Ella pensó que tal vez no podía minar su confianza, su arrogancia, su convicción de que pronto volvería a tenerla en su cama. Al fin y al cabo, los pezones erguidos la delataban y se sentía tan preparada para recibirlo en su interior que tuvo que apretar los muslos para evitar que le temblasen las rodillas. Y su masculino olor estaba mareándola.

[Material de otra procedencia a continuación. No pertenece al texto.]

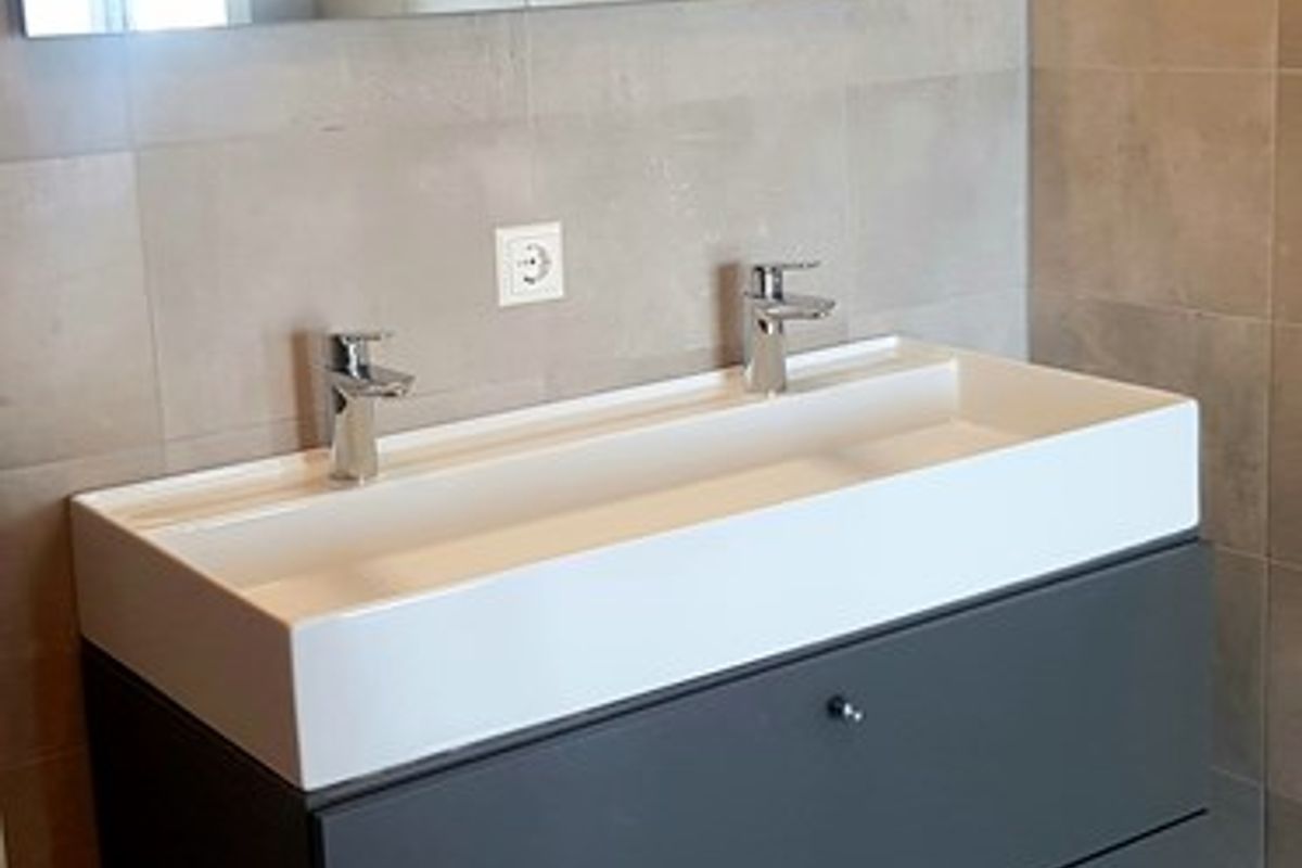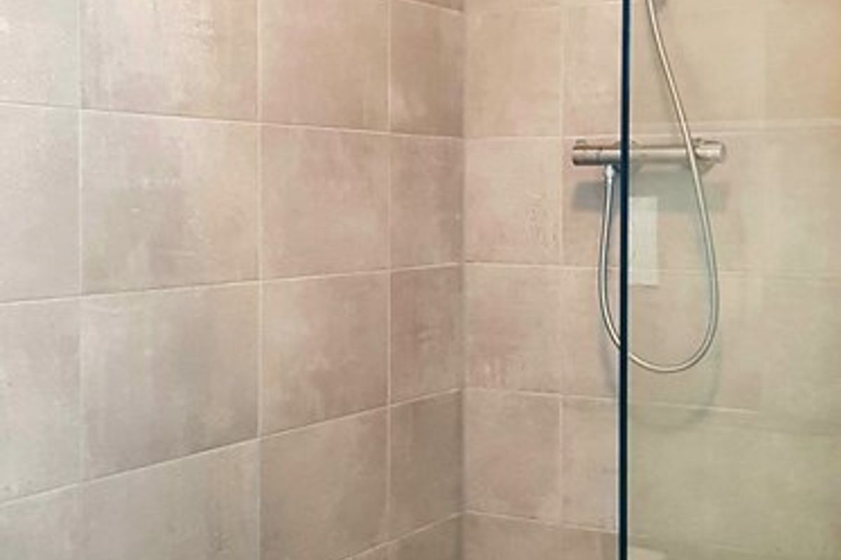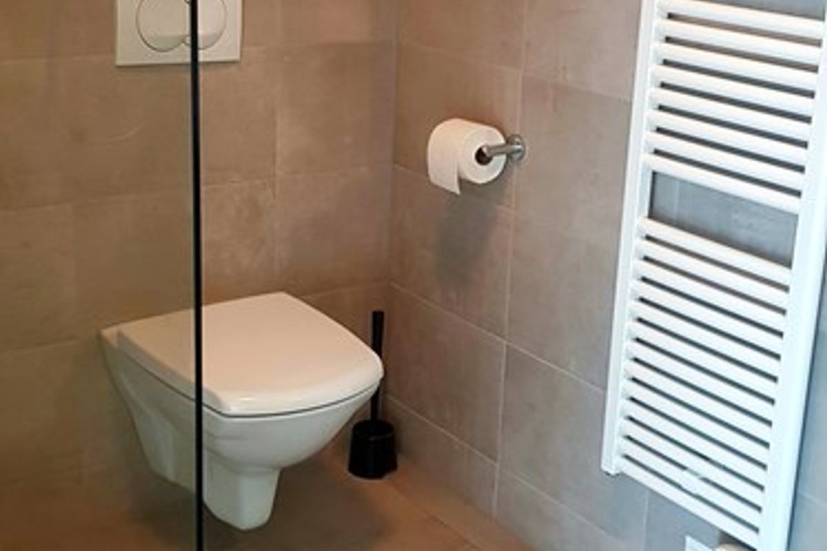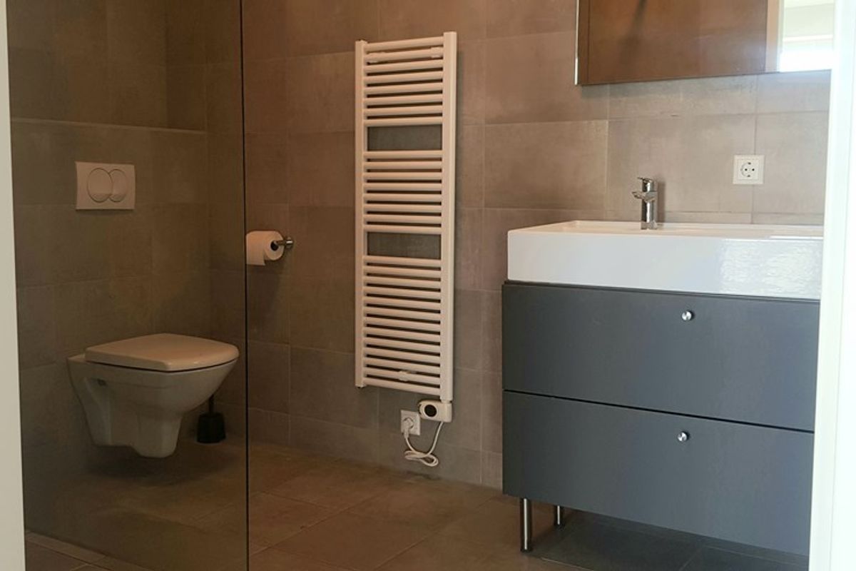 De volledig betegelde badkamer is voorzien van een inloopdouche, een toilet en een dubbele wastafel met spiegel.

—No estoy preparada para saltar cada vez que tú chasquees los dedos, Sasuke. Quiero que pongamos unas normas.
—¿Qué normas? —preguntó él con incredulidad. Ya no parecía tan tranquilo.
—Regla número uno —anunció Sakura —. Que Sasuke sea el jefe en la sala de juntas no quiere decir que sea el jefe en el dormitorio.
Él la soltó.
—A estas alturas ya deberías saber que juego con mis propias reglas, no con las de los demás —juró entre dientes y se pasó la mano por el pelo—, pero supongo que puedo darte algo más de tiempo para que te des cuenta.
Ella deseó contradecirlo, sentirse ofendida por sus palabras, pero no consiguió articular palabra. Porque sabía que, si Sasuke hubiese insistido un poco, a esas alturas ya habrían estado incumpliendo todas las normas. Y su cuerpo no se habría resistido lo más mínimo.
Sasuke la dejó sola en la terraza y volvió al salón. Al llegar a la puerta, se detuvo, y Sakura se fijó en el bulto de su bragueta.
—Voy a darte algo de tiempo, Sakura, para que te acostumbres a la idea, pero después, pretendo volver a hacerte mía. Y cuando llegue ese momento, no quiero que me rechaces.
Ella se quedó estupefacta y Sasuke tomó su maleta y se metió en la habitación pequeña. ¿Por qué aquella declaración le había parecido más una promesa que una amenaza?